John French says he and a friend were amazed at the strange collections he found online in the early days of the internet. But he couldn’t find any moist towelette collections or websites — so he started one… He never imagined his collection would grow to more than 1,000 and travel from Pennsylvania to Texas and then Michigan with him, gathering momentum…
He now runs his mini-museum out of a corner of his office at the Abrams Planetarium in Lansing, Mich. There he displays hundreds of individually wrapped moist towelettes from every continent, except Antarctica…

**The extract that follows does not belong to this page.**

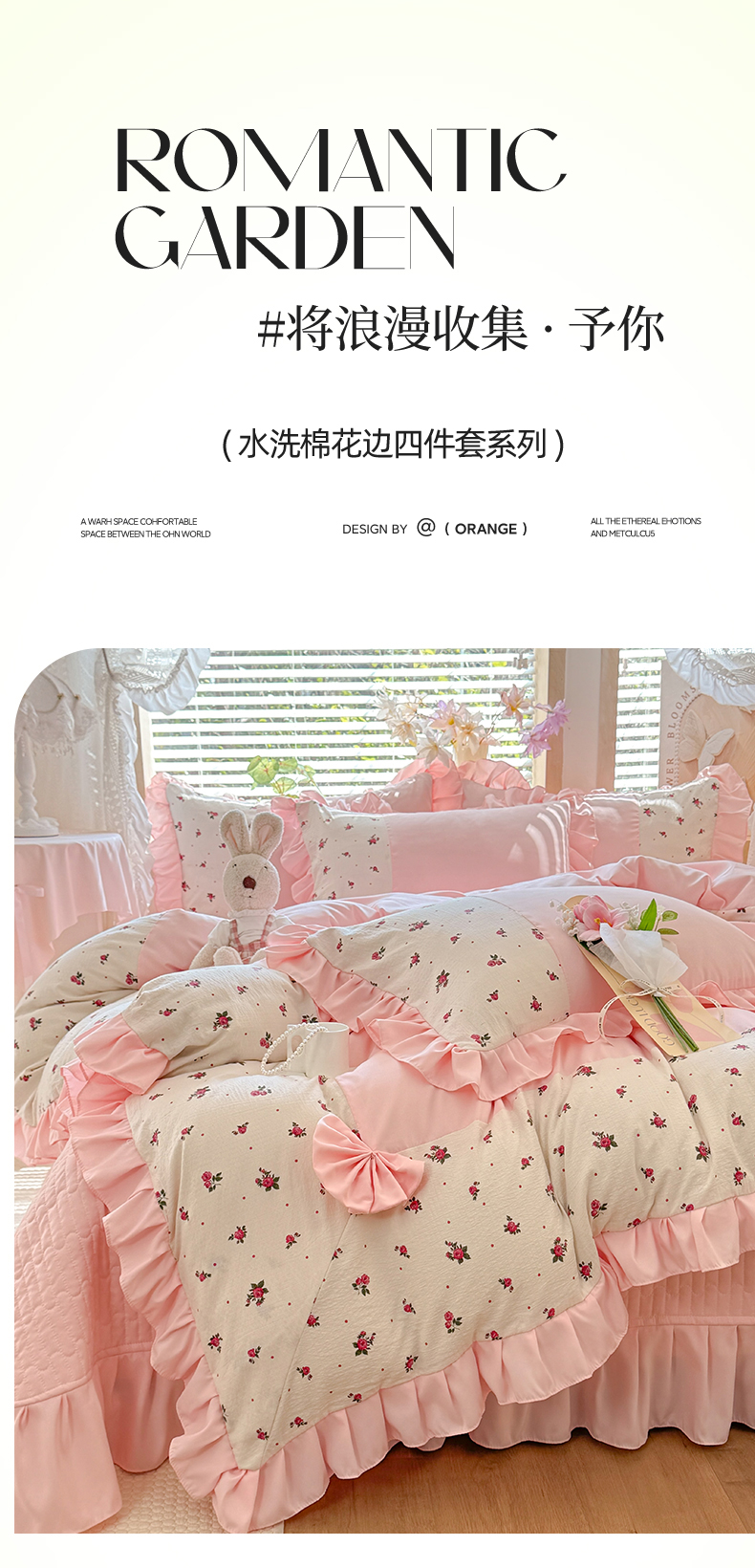 (总)唐人居 2026春夏新款皱皱水洗棉花边床盖四件套,安妮,半亩花田,宝格丽曼,彩色波点,初见,繁花,芬德拉,花影,卡地,玫瑰园,柔心花影,幸运小马,音乐派对,音乐企鹅

Towelettes have been marketed to clean everything from fingers to, well, private parts. They were invented in 1958, when American Arthur Julius came up with the idea that became a trademark of the Kentucky Fried Chicken meal.
Over the years it was sold alongside everything from messy meals to popcorn at movie releases. People have donated to French’s museum — which consists of a corner shelving unit — from all over the world…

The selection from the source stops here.